Pejabat militer Israel mengatakan bahwa sebanyak 90% roket kelompok tersebut telah hancur, dan Israel telah berhasil menggagalkan kemampuan Hamas untuk membangun kembali senjata berat yang hilang tersebut.

“Yang sangat penting adalah lokasi produksi, jalur penyelundupan dan sebagainya,” kata pejabat militer tersebut. “Bukan hanya sekedar mengambil ikannya, tapi juga mengambil pancingnya.”

Semua ahli sepakat bahwa sistem terowongan Hamas yang luas tetap menjadi kekuatan terbesar dan tantangan terbesar Israel.

Eiland memperkirakan 70% hingga 80% terowongan Hamas masih utuh, dan sebagian besar jaringan yang masih ada tidak diketahui oleh militer Israel.

Dalam pernyataan pekan lalu, Menteri Pertahanan Israel Israel Katz mengatakan IDF akan mengalihkan perhatiannya untuk menghancurkan jaringan terowongan yang tersisa sebagai bagian dari proses pelucutan senjata Hamas. IDF mengatakan pihaknya sedang berupaya membongkar sebagian jaringan terowongan ketika beberapa tentaranya diserang pada hari Minggu.

Pejuang Hamas di Kota Gaza
Seorang militan Hamas di Kota Gaza pada hari Rabu.Ahmad Salem / Bloomberg melalui Getty Gambar

Kekuatan politik dan popularitas kelompok ini – yang merupakan komponen kunci dalam kemampuan mereka untuk merekrut, membangun kembali senjata dan menekan saingannya – telah rusak parah. Sekalipun warga Gaza marah kepada Israel karena membunuh hampir 70.000 warga Palestina selama perang, Hamas masih ikut disalahkan.

“Secara politik, Hamas benar-benar berada dalam kekacauan,” kata Ahmed Fouad Alkhatib, kepala proyek Penyelarasan Kembali Palestina di Dewan Atlantik, yang keluarganya berasal dari Jalur Gaza. “Mereka tidak benar-benar memiliki program politik. Mereka tidak memiliki agenda yang menarik di Gaza.”

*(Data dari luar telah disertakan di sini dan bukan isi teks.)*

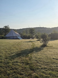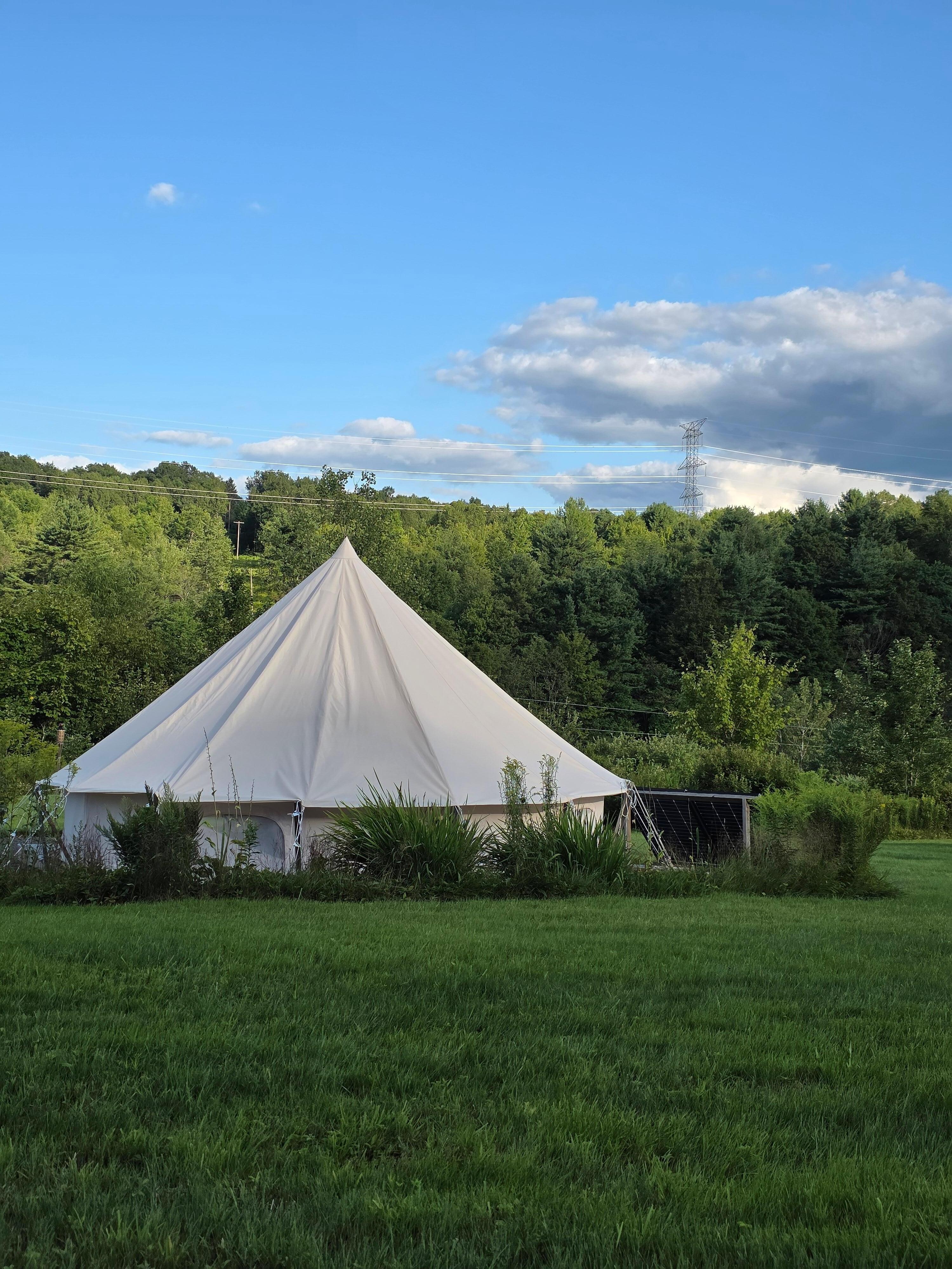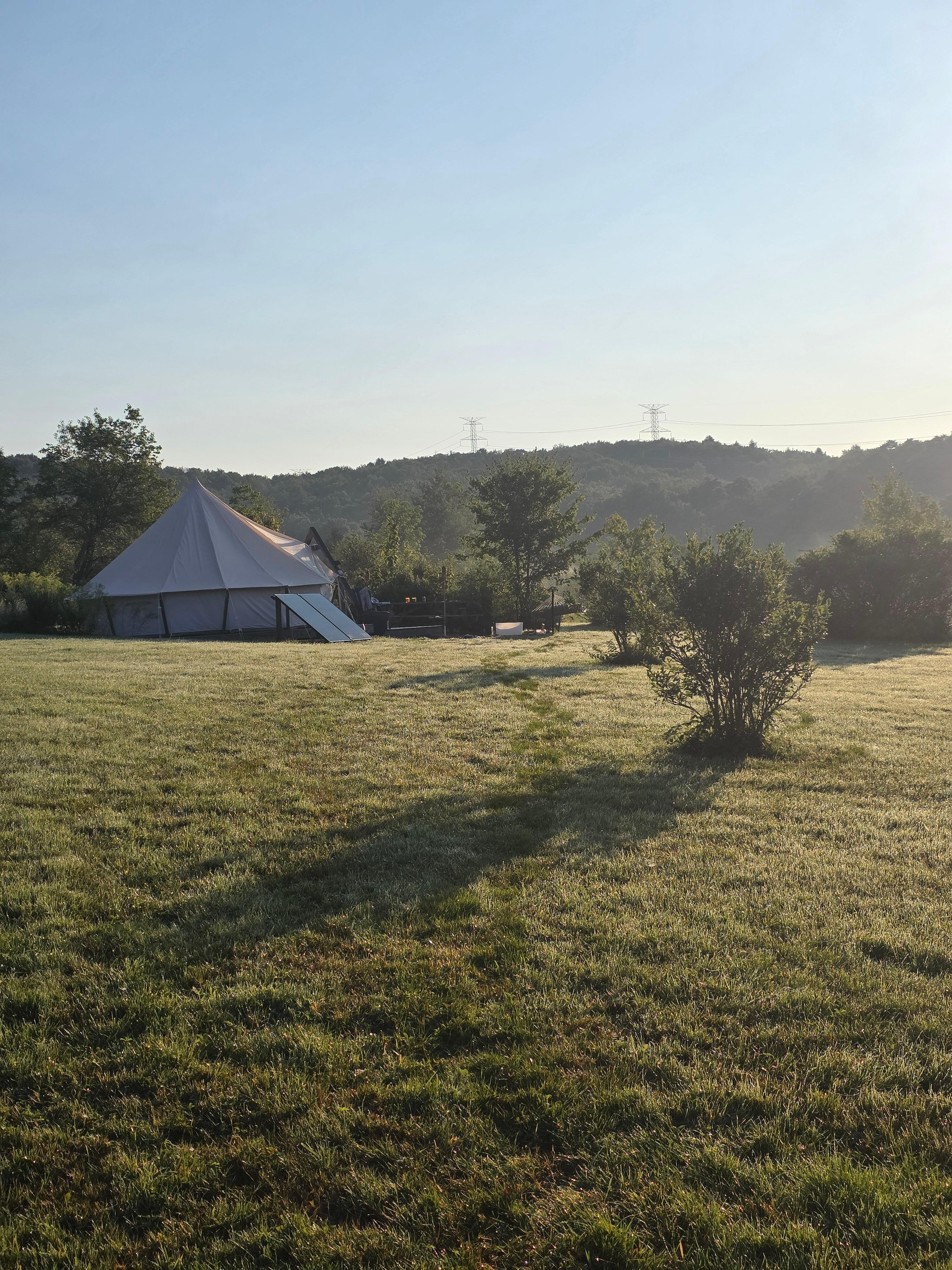 The grounds are a nicely manicured hillside cleared out from the surrounding forrest. Patches of garden dot the area breaking up sight lines and keeping the feeling of wilderness strong, even with a bathhouse, campstore, and tents all near by. Many of the patches of garden are blueberry bushes which we were encouraged to harvest from as we wished. (I ate a LOT of berries.) The accomodations in our tent were fantastic. Power was available in outlet and USB, as well as a wireless charger on the nightstand. There were also all of the standard bnb style amenities (cups, dishes, untensiles, towels, toiletries, etc...) and a very comfortable queen size bed. It was like a nice hotel room stuffed into an adorable tent.I generally wouldn't call out an included breakfast (because they are usually pretty underwhelming) but the spread here was noteworthy. It was all serve yourself with a toaster, waffle maker, and omelet cooker available, but the variety was fantastic. There were cereal, bread, and egg options, a variety of granola bars, pop tarts, and breakfast snacks, and lots of fresh fruit. The soaking tubs were well worth booking just on their own. It was incredible soaking, relaxing by the fire, and stargazing all at the same time!I have to praise Chrissy and fam for being such great hosts. They managed to hit that perfect balance of providing everything we needed while not being around to interrupt our privacy.A property. Will 100% be visiting again.
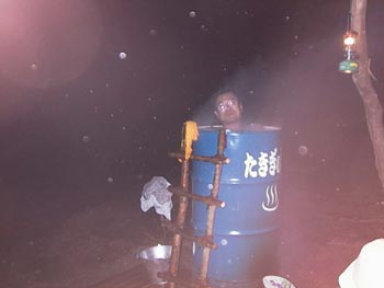 新潟三条の五十嵐さん、「いがらし」ではなく「いからし」と言うらしい?三条のイカちゃん入浴! 続いて町役人南雲さん!この人本当に公務員??こうしてドラム缶風呂大成功のうち夜が更けて行く・・・・・ |
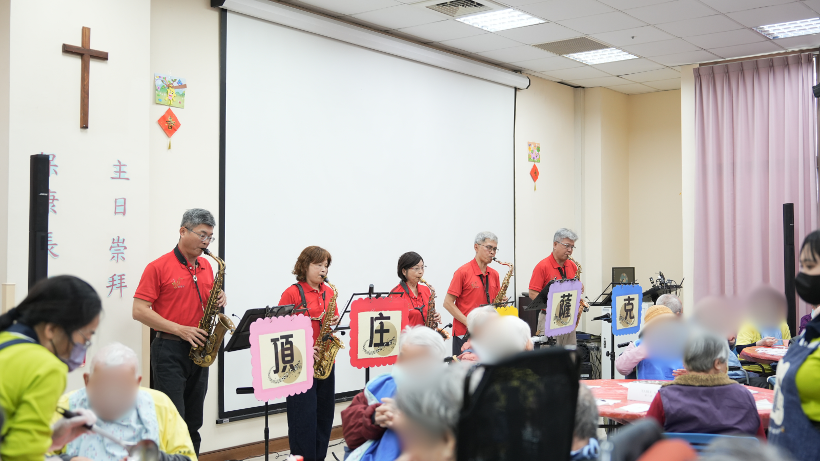 除了餐點,活動現場也安排了頂庄薩克斯風演奏。音樂在空間中緩緩流動,沒有喧鬧,卻讓整個長照中心多了一份溫度。有的長輩隨著旋律輕輕拍手,有的靜靜地聽著,專注在音樂裡。
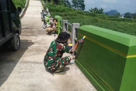 Prajurit Bersama Warga Melaksanakan Pengecatan Jembatan Program TMMD…
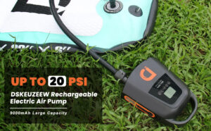 Dskeuzeew 20PSI Electric SUP Air Pump with 9000mAh Rechargeable Battery, Paddle Board Pump Intelligent Dual Stage Inflation, Auto-Off, Deflation, High Pressure Portable Air Pump with 12V Car Connecto
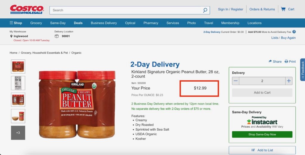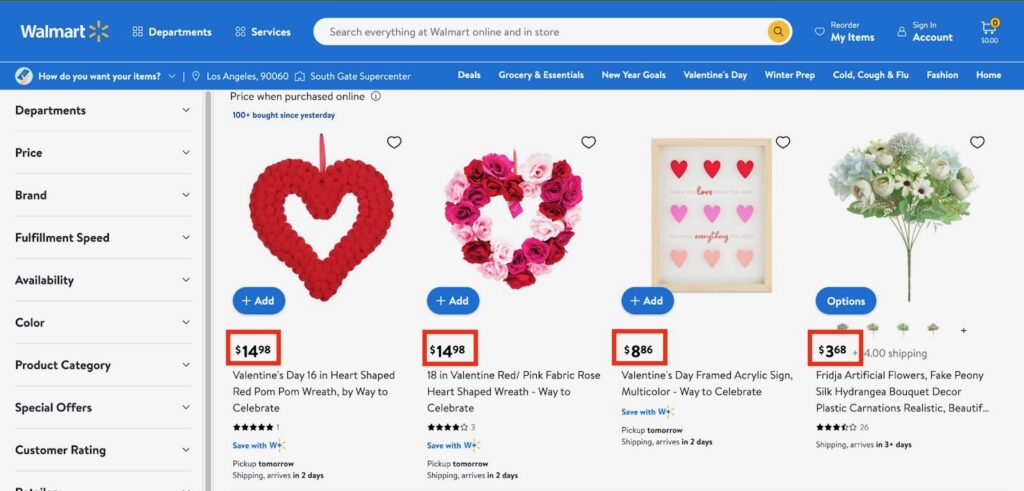3. Walmart : Propose une large gamme de produits à des prix compétitifs, avec la possibilité d'un retrait en magasin.
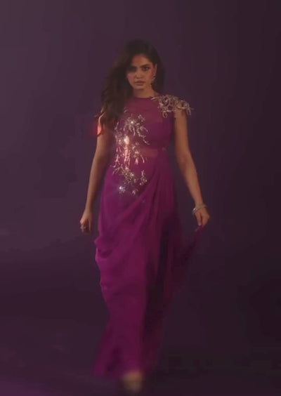 The silhouette is enhanced by a contemporary cut with sheer embellishments, making it the ideal statement piece for evening formal wear.
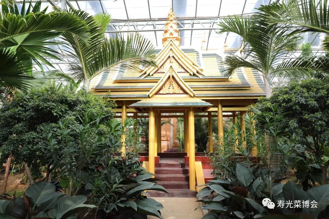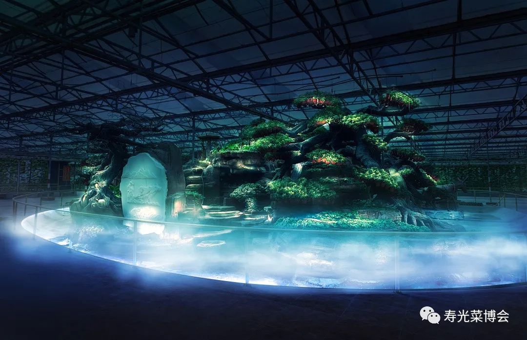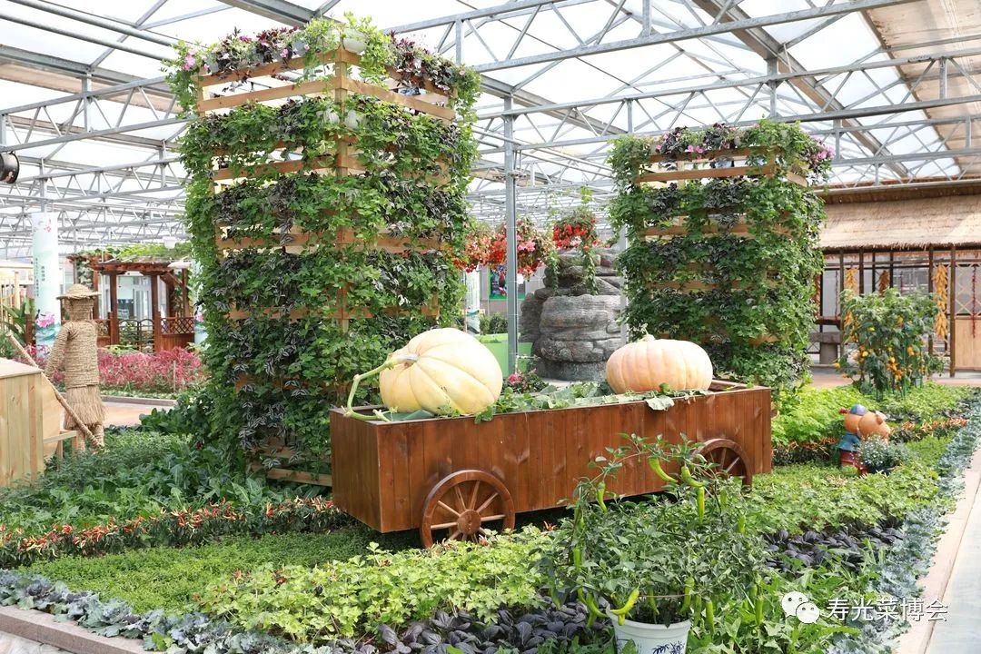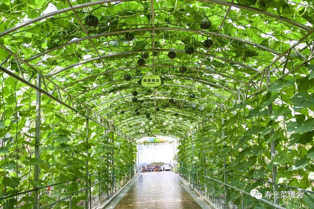 为寿光蔬菜实用技术馆,该馆面积10000平方米,选取多个优良蔬菜品种,运用高效立体栽培模式,展现寿光当地传统廊架园艺特色,满园叠翠,硕果累累,廊架下设步道,增强沉浸式体验,中间核心区以假山为载体,打造《齐民要术》特色专区。

Namun tidak seperti kelompok teroris Negara Islam, atau ISIS, dan Al Qaeda – dua kelompok teror yang kekuatannya telah dibatasi oleh perang melawan teror yang dipimpin AS selama seperempat abad terakhir – Hamas memimpin konstituen geografis yang sebenarnya.

“Ini bukanlah organisasi teroris yang datang entah dari mana dan berhasil menguasai suatu wilayah dengan menyebarkan ketakutan dan teror,” kata Eiland. “Hamas adalah perwakilan sejati rakyat Gaza.”

Di luar Gaza, Hamas juga mendapat pujian karena mengubah opini global terhadap Israel, kata Alkhatib.

“Hamas merasa bahwa perubahan ini adalah sesuatu yang mereka hasilkan sendiri,” katanya. “Dan Hamas mengaitkan hal ini dengan gambaran strategisnya di lapangan.”